Use cross-validation:

```rust,ignore
// Pseudocode
for depth in 1..=10 {
    model = DecisionTreeClassifier::new().with_max_depth(depth);
    cv_score = cross_validate(model, x, y, k=5);
    // Select depth with best cv_score
}
```

**Rule of Thumb**:
- Simple problems: max_depth = 3-5
- Complex problems: max_depth = 5-10
- If using ensemble (Random Forest): deeper trees OK (15-30)

---

## Advantages and Limitations

### Advantages ✅

1. **Interpretable**: Can visualize and explain decisions
2. **No feature scaling**: Works on raw features
3. **Handles non-linear**: Learns complex boundaries
4. **Mixed data types**: Numeric and categorical features
5. **Fast prediction**: O(log n) traversal

### Limitations ❌

1. **Overfitting**: Single trees overfit easily
2. **Instability**: Small data changes → different tree
3. **Bias toward dominant classes**: In imbalanced data
4. **Greedy algorithm**: May miss global optimum
5. **Axis-aligned splits**: Can't learn diagonal boundaries easily

**Solution to overfitting**: Use ensemble methods (Random Forests, Gradient Boosting)

---

## Decision Trees vs Other Methods

### Comparison Table

| Method | Interpretability | Feature Scaling | Non-linear | Overfitting Risk | Speed |
|--------|------------------|-----------------|------------|------------------|-------|
| **Decision Tree** | High | Not needed | Yes | High (single tree) | Fast |
| **Logistic Regression** | Medium | Required | No (unless polynomial) | Low | Fast |
| **SVM** | Low | Required | Yes (kernels) | Medium | Slow |
| **Random Forest** | Medium | Not needed | Yes | Low | Medium |

### When to Use Decision Trees

**Good for**:
- Interpretability required (medical, legal domains)
- Mixed feature types
- Quick baseline
- Building block for ensembles
- **Regression**: Non-linear relationships without feature engineering
- **Classification**: Multi-class problems with complex boundaries

**Not good for**:
- Need best single-model accuracy (use ensemble instead)
- Linear relationships (logistic/linear regression simpler)
- Large feature space (curse of dimensionality)
- **Regression**: Smooth predictions or extrapolation beyond training range

---

## Practical Considerations

### Feature Importance

Decision trees naturally rank feature importance:
- **Most important**: Features near the root (used early)
- **Less important**: Features deeper in tree or unused

**Interpretation**: Features used for early splits have highest information gain.

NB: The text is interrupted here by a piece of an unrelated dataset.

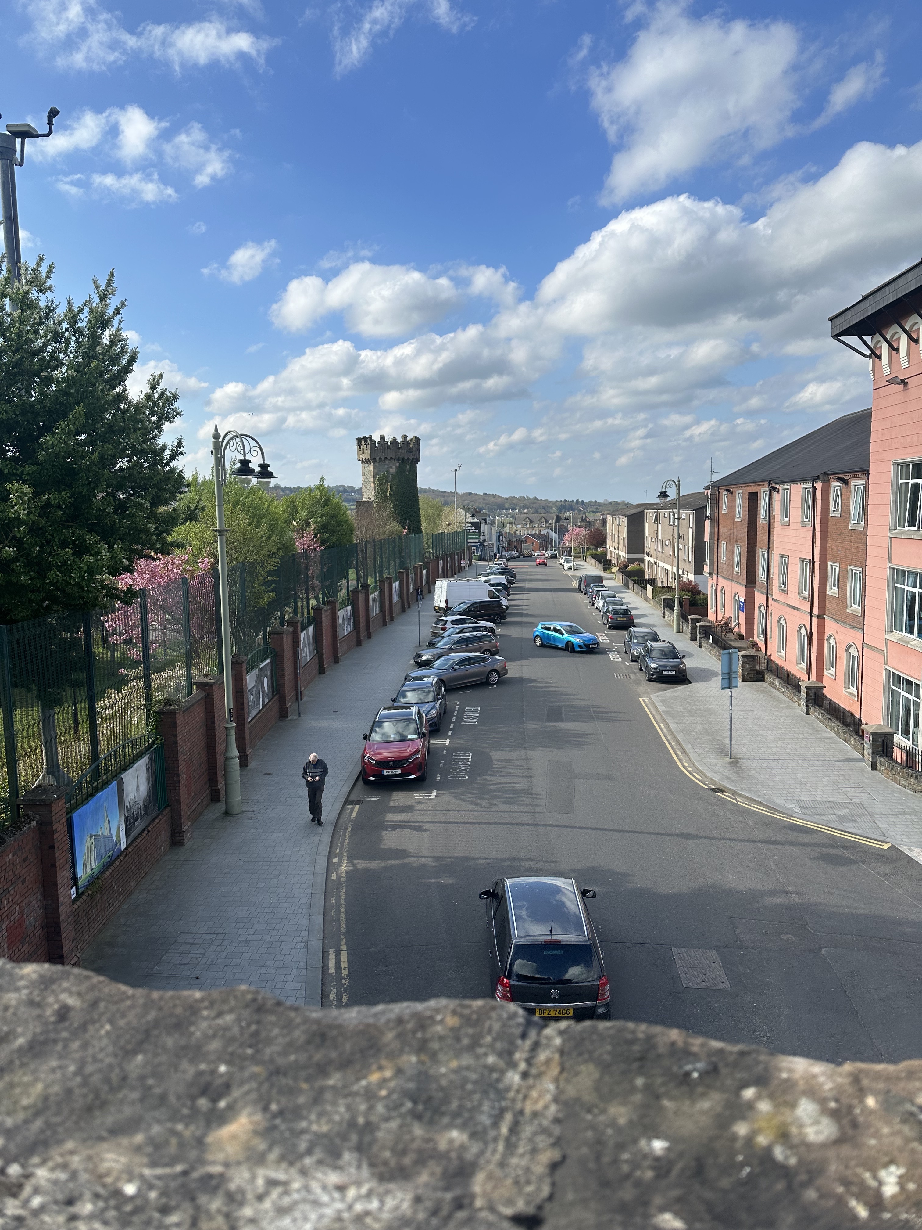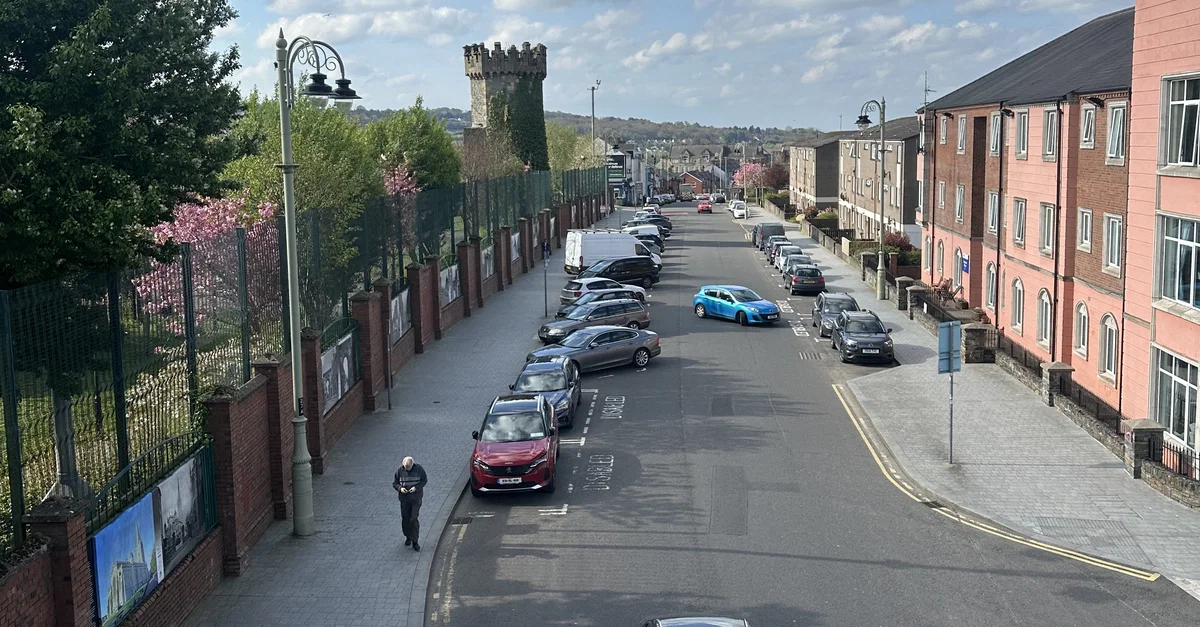 Bishop Street in Derry, Northern Ireland, with its "peace wall" running along the left side of the photograph. Peace walls are erected in Northern Ireland to separate predominantly Catholic and Protestant communities.

### Handling Imbalanced Classes

**Problem**: Tree biased toward majority class

**Solutions**:
1. **Class weights**: Penalize majority class errors more
2. **Sampling**: SMOTE, undersampling majority
3. **Threshold tuning**: Adjust prediction threshold

### Pruning (Post-Processing)

**Idea**: Build full tree, then remove nodes with low information gain

**Benefit**: Reduces overfitting without limiting depth during training

**Status in Aprender**: Not yet implemented (use max_depth instead)

---

## Verification Through Tests

Decision tree tests verify mathematical properties:

**Gini Impurity Tests**:
- Pure node → Gini = 0.0
- 50/50 binary split → Gini = 0.5
- Gini always in [0, 1]

**Tree Building Tests**:
- Pure leaf stops splitting
- Max depth enforced
- Predictions match majority class

**Property Tests** (via integration tests):
- Tree depth ≤ max_depth
- All leaves are pure or at max_depth
- Information gain non-negative

**Test Reference**: `src/tree/mod.rs` (15+ tests)

---

## Real-World Application

### Medical Diagnosis Example

**Problem**: Diagnose disease from symptoms (temperature, blood pressure, age)

**Decision Tree**:
```text
          [Temperature > 38°C]
         /                    \
   [BP > 140]               Healthy
   /        \
Disease A   Disease B
```

**Why Decision Tree?**
- Interpretable (doctors can verify logic)
- No feature scaling (raw measurements)
- Handles mixed units (°C, mmHg, years)

### Credit Scoring Example

**Features**: Income, debt, employment length, credit history

**Decision Tree learns**:
- If income < $30k and debt > $20k → High risk
- If income > $80k → Low risk
- Else, check employment length...

**Advantage**: Transparent lending decisions (regulatory compliance)

---

## Further Reading

### Peer-Reviewed Papers

**Breiman et al. (1984)** - *Classification and Regression Trees*
- **Relevance**: Original CART algorithm (Gini impurity, recursive splitting)
- **Link**: Chapman and Hall/CRC (book, library access)
- **Key Contribution**: Unified framework for classification and regression trees
- **Applied in**: `src/tree/mod.rs` CART implementation

**Quinlan (1986)** - *Induction of Decision Trees*
- **Relevance**: Alternative algorithm using entropy (ID3)
- **Link**: [SpringerLink]https://link.springer.com/article/10.1007/BF00116251
- **Key Contribution**: Information gain via entropy (alternative to Gini)

### Related Chapters

- [Ensemble Methods Theory]./ensemble-methods.md - Random Forests (next chapter)
- [Classification Metrics Theory]./classification-metrics.md - Evaluating trees
- [Cross-Validation Theory]./cross-validation.md - Finding optimal max_depth

---

## Summary

**What You Learned**:
- ✅ Decision trees: hierarchical if-then rules for classification AND regression
-**Classification**: Gini impurity (Gini = 1 - Σ p_i²), predict majority class
-**Regression**: MSE criterion (variance), predict mean value
- ✅ CART algorithm: greedy, top-down, recursive (same for both tasks)
- ✅ Information gain: Maximize reduction in impurity (Gini or MSE)
- ✅ Max depth: Controls overfitting (tune with CV)
- ✅ Advantages: Interpretable, no scaling, non-linear
- ✅ Limitations: Overfitting, instability (use ensembles)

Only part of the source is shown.